How not to be “THAT” guy at the bash.
I first heard about Well Rounded BBW a little over a year ago. I first went to the 2014 bash with my now former business partner as a vendor. We got weekend passes and in that short time we were sold and made plans to be at the 2015 bash. It is amazing what can happen in a year, I didn’t think back then I would go to the bash, alone. I debated many times about going back to Well Rounded, by my lonesome. Nevertheless a week prior to the Well Rounded 2015 I made the decision to go and force myself to network and make some new friends. I could always use new friends, right?
Being as shy as I am, going to such an event such as Well Rounded is scary and intimidating, to say the least. It can be overwhelming in so many ways. Nevertheless, I decided to take a plunge and go anyway, fight off my shy tendencies and be a part of something wonderful.
Well Rounded was a great event! I had an amazing time and I made some amazing new friends. However, something jumped out at me very quickly. There were many, many men that gave off the “creeper” vibe. Some of these guys even made me a little uncomfortable to say the least and that is saying a lot. After witnessing this I decided to ask some of the female attendees what men can do to not to give off such a vibe.
Below are a few of the answers I discovered. I for one am certainly glad I asked cause if I didn’t I might have given off this vibe and not even known it.
Please read what is written below very carefully and keep it in mind next time you go to a bash.
#1 SAY HI
Far too many of us float around these bashes maybe with a drink in hand either walking around or standing somewhere. Not saying a word as people walk around or by us. Sometimes we walk from room to room never speaking to a soul watching other bashers like a TV show or wondering why we are alone in a room full of people.

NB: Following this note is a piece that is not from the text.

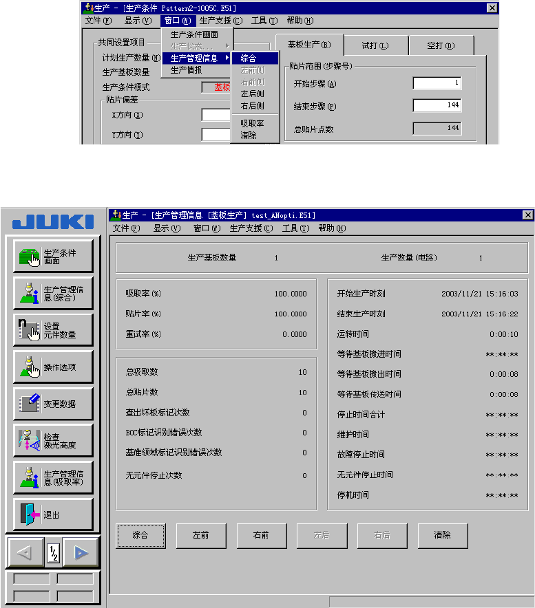 在菜单栏中选择[窗口]→[生产管理信息]→[综合]后,显示图 2-8-2 生产管理信息

Do this instead: Guys, its simple say “Hi” to the people around you if the person you said “Hi” is not receptive move away. Don’t just stand there thinking she is going to change her mind. Move on to someone else and say Hello and take the conversation from there. It’s simple as that. You cannot meet someone new without saying “Hi” at some point.
#2 DON’T STARE
One of the most uncomfortable feelings in the world is an unwanted stare from someone you don’t know. As humans we know when someone is staring at us. It’s a survival instant going back to the days when we still hunted and gathered food. It triggers our fight or flight instinct. This is something you don’t want to trigger in someone you are interested in especially before you say one word to them.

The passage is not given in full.